I think most of the people replying to me have never been truly poor and they have no concept of what that actually means. They've never been woken up at 2AM by a blood curdling scream and a thunk as their neighbor beats their wife to death in a drunken rage. They've never seen a dead body bloated in the sun at the bus stop they have to stand at to get home from school. They've never watched the lights go out in someone's eyes as the OD on the sidewalk. The prettiest girl at their high school didn't start stripping before graduation to pay for the drug habit her mom got her started on. 3 out of the 5 people in their school friends group didn't end up dead before they were 22 years old.

My family will never experience any of these things, because I busted my ass to make sure they never experience any of those things. Imposing the horrors (some self-inflicted, some not) of the lower class on my family to position "affordable housing" in my neighborhood is a violent act, and one which any decent person will contest. If that makes me a NIMBY, then so be it, but I don't want "affordable housing" anywhere near me. I've been in "affordable housing", I know what happens there, and it's not what some ivory tower academic thinks happens there. You don't learn about this stuff in a whitepaper, you learn about it from experience, and those are experiences I won't let my family have.
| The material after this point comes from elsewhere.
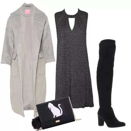 Μini μεταλλιζέ φόρεμα, BSB, 59.90 ευρώ, www.bsbfashion.com Οver the knee μπότα, IQshoes, 54.90 ευρώ, www.iqshoes.grΜaxi παλτό, Pink Woman, από 69.99 ευρώ τώρα 48.99 ευρώ, www.pinkwoman-fashion.com Κρεμαστό τσαντάκι, Lydc, 33.00 ευρώ, www.favela.gr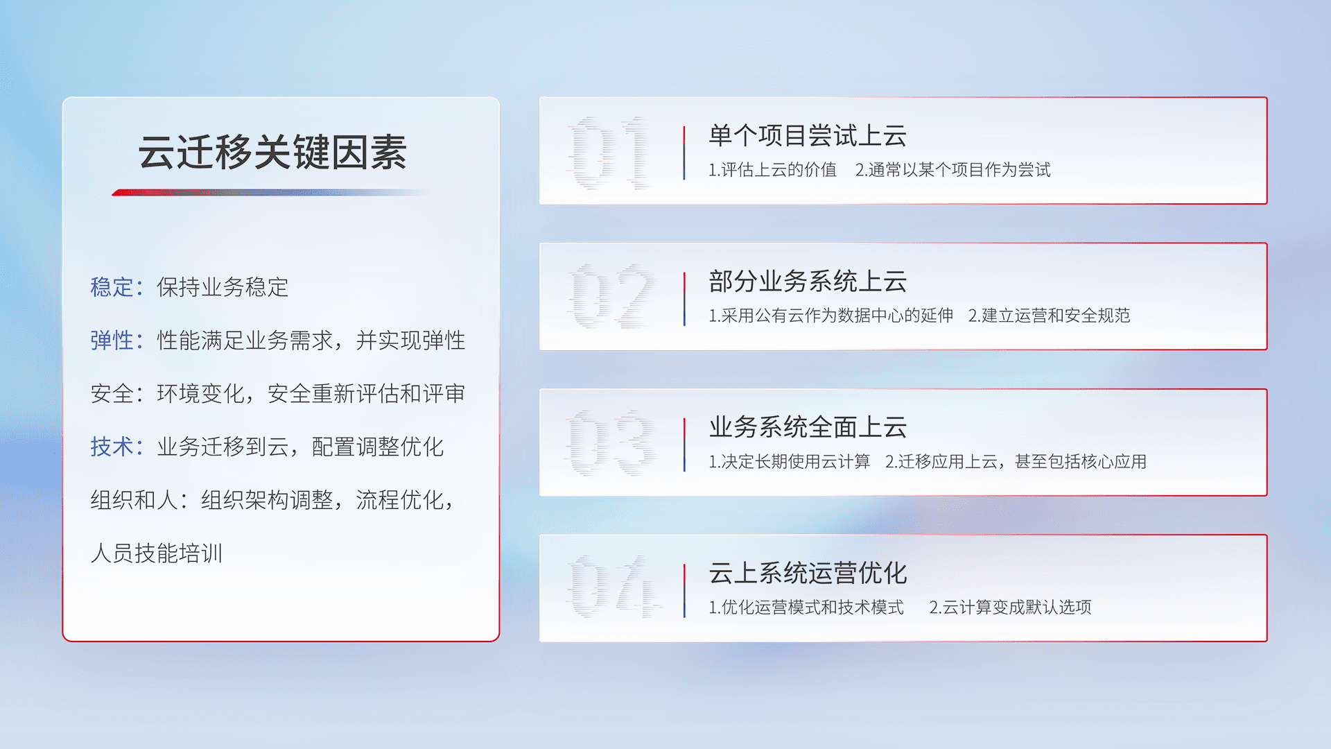 结合实际业务,,从规划设计、、、云平台选型、、、、云原生改造、、、数据迁移、、、集成交付,,迁移全过程为客户识别最佳上云路径,,做好风险识别管理,,,设计网络架构、、身份权限、、安全审计合规、、、、操作审计、、、日志审计、、、监控告警策略、、多站点容灾设计等,,,,对云上基础设施进行整体规划,,,,提升IT治理水平,,以满足弹性、、、高可用、、、高性能的需求。。。

Also, the word "segregation" is not inherently a bad word, and it doesn't automatically mean anything about anyone's immutable characteristics. Economics are not immutable. I'm a dropout from a town that had documentaries made about it due to how bad its drug problem is and I am in the top 2% of Americans economically now. Economic mobility in the US far exceeds that in the rest of the world, which does not in any way excuse our problems or say that we shouldn't fix them, but dragging down those who struggle and succeed is not how we get there.

1 comments

I am glad I read right. My mother escaped poverty and a bad neighborhood so she told me enough stories for me to understand. I have co workers and friends who all busted ass to escape the projects and ghettos they grew up in. None of them look back on those neighborhoods and people fondly.